Bullfights Return to Mexico City: Animal Rights Activists Explain Why
Bullfights Return to Mexico City: Animal Rights Activists Explain Why It Is “an Act of Absurd Cruelty” Freepik

The Plaza de México is getting ready for the return of bullfighting, or 'corridas de toros' in Spanish, starting this Sunday, January 28.

After a year-and-a-half long hiatus, the 'toreros' will once again wave their red capes in an event that excites many and scandalizes many others, especially animal rights activists and environmentalists, who are organizing a protest at the doors of the world's largest bullfighting ring.

Bullfighting faced a critical blow when a judge banned it in June 2022, but the ruling was overturned by the country's Supreme Court of Justice and is now set to resume in the capital. There are already nine dates with tickets on sale to experience the "fiesta brava" once more.

Arturo Berlanga, Director of AnimaNaturalis in Mexico, said that the Supreme Court's decision did not imply that judges were in favor of bullfighting: "They did not examine whether bullfights are culture or traditions that should be protected or if they constitute torture and animal abuse. The Court only reviewed whether the requirements based on the injunction were fulfilled," he said to The Latin Times.

The Plaza de México is getting ready for the return
The Plaza de México is getting ready for the return of bullfighting, or 'corridas de toros' in Spanish, starting this Sunday, January 28. Alejandro Linares García/Wikipedia

Jose María Ferez Gil, Legal Advisor and Coordinator of the Bullfighting Department at the Animal Heroes organization, told The Latin Times that a district judge still has to rule on an indirect injunction, determining whether it is constitutional to maintain bullfighting events in Mexico City.

In his opinion, and considering that "the Constitution of Mexico City declares that all inhabitants have the obligation to take care of each other," the court is likely to declare bullfighting unconstitutional. "Bullfighting enthusiasts will probably appeal that decision and we may end up in the second chamber of the Supreme Court, where we are convinced that there are progressive ministers who understand that animals matter and want a Mexico without violence."

Marielena Hoyo, a journalist and activist for the rights of 'non-human animals,' served as the director of Chapultepec Zoo, the most important zoo in Mexico, for 15 years. She emphasizes the importance of ending these events not only to protect bulls from "torture" - "It is one of the most absurd cruelties in life" - but also as part of the fight against the violence that persists in Mexico.

According to figures from the Executive Secretariat of the National Public Security System (SESNSP), Mexico documented 30,523 homicides in 2023, a number that illustrates the security crisis and violence that the country has been experiencing for decades.

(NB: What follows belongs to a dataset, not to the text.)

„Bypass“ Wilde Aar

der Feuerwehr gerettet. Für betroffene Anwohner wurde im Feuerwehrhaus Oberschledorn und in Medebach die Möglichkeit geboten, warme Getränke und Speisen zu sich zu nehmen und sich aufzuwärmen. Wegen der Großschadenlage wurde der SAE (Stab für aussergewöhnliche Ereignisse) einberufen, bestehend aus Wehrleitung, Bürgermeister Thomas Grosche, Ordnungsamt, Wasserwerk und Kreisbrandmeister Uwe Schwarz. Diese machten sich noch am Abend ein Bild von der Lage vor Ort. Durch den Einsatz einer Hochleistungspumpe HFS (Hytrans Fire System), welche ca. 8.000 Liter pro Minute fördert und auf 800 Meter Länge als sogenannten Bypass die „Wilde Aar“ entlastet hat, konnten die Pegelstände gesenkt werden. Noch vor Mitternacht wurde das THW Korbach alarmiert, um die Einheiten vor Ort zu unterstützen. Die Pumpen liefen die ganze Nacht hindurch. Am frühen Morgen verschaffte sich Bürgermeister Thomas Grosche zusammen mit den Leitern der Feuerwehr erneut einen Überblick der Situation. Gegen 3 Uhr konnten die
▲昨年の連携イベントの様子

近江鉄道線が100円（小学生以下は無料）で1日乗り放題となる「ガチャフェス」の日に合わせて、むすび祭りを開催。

"If we have such high levels of violence in Mexico and we still promote a violent spectacle, what can we ask of those children who witness how celebrating blood in mistreated animals is justified? Bullfighting mistreats animals and puts humanity itself at risk," she said in a conversation with The Latin Times.

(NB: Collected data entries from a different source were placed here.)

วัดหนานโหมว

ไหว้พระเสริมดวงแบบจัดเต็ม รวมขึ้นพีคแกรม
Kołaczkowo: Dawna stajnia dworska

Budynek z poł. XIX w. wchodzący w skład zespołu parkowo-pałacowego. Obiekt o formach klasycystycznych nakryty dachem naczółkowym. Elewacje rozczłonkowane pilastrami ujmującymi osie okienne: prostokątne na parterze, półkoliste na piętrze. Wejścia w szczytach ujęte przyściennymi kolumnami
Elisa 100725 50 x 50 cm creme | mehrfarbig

One of the arguments upheld by enthusiasts and fans of bullfighting is that the spectacle should continue because it's cultural, traditional, or artistic aspect. Férez Gil pointed out that "in a ruling by the Supreme Court of Justice that banned cockfighting in Veracruz, it stated that culture is only admirable if it brings good values to society."

He continued: "The fact that an activity is cultural or traditional is not sufficient justification for it to continue. In the past, practices like dog fights, women not being able to vote, or the LGBT community not being able to marry were traditional, but those became part of the past with scientific and social advances and the new generations, who are increasingly rejecting these violent spectacles."

Monumental Plaza de Toros México, Ciudad de México.
Monumental Plaza de Toros México, Ciudad de México. Augusto Rodin/Unslplash

Berlanga agrees on this point: "Only a very small minority of the country considers bullfighting to be a cultural tradition. The Ministry of Culture of the federal government recognizes only the cultural aspects surrounding the spectacle, such as paintings, music, or architecture, but has clarified that as a spectacle, it is against activities involving acts of animal cruelty."

Animal rights organizations are calling for a "peaceful" march this Sunday at 12 PM from Glorieta de los Insurgentes to Plaza de México.